**Provided material**
>>>>>
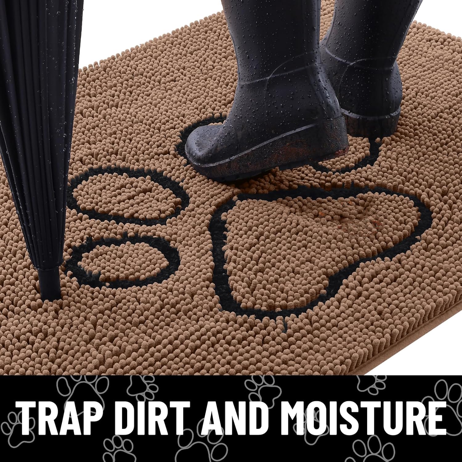 Smiry Dog Door Mat for Muddy Paws, Absorbent Dirt Trapper Non Slip Quick Dry Washable Chenille Mat for Mud Dogs, Entry Rug for Indoor and Outdoor (30x20 Inches, Coffee)
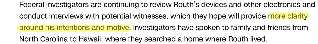 Unsurprisingly, according to CNN’s sources, Routh is “not cooperating.” But think about that. Not cooperating doesn’t sound very crazy, does it? A crazy ideologue would be talking a blue streak. Not cooperating is smart. It requires discipline, since the feds on scene are probably trying pretty hard to talk him into cooperating.
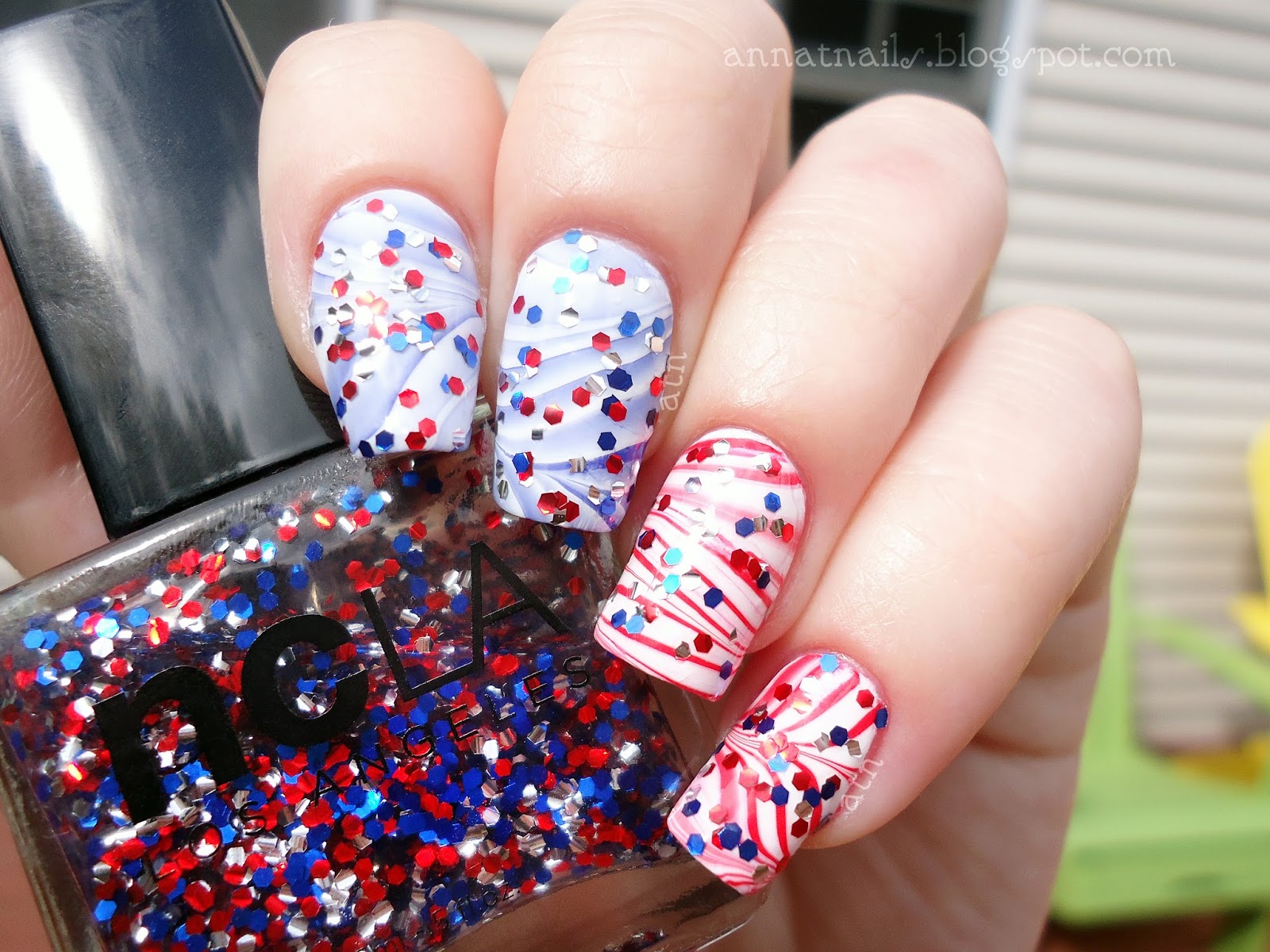 This manicure is the same as in the previous post, except I added my favorite 4th of July glitter "United States of Glitter" by NCLA on top of the watermarble.
<<<<<
**Required work**
Produce an exact copy of the lines from the line with "Unsurprisingly, according to" through the last line of the data above, both ends included. No pictures belong in it.

**Answer for the task**
 Unsurprisingly, according to CNN’s sources, Routh is “not cooperating.” But think about that. Not cooperating doesn’t sound very crazy, does it? A crazy ideologue would be talking a blue streak. Not cooperating is smart. It requires discipline, since the feds on scene are probably trying pretty hard to talk him into cooperating.
 This manicure is the same as in the previous post, except I added my favorite 4th of July glitter "United States of Glitter" by NCLA on top of the watermarble.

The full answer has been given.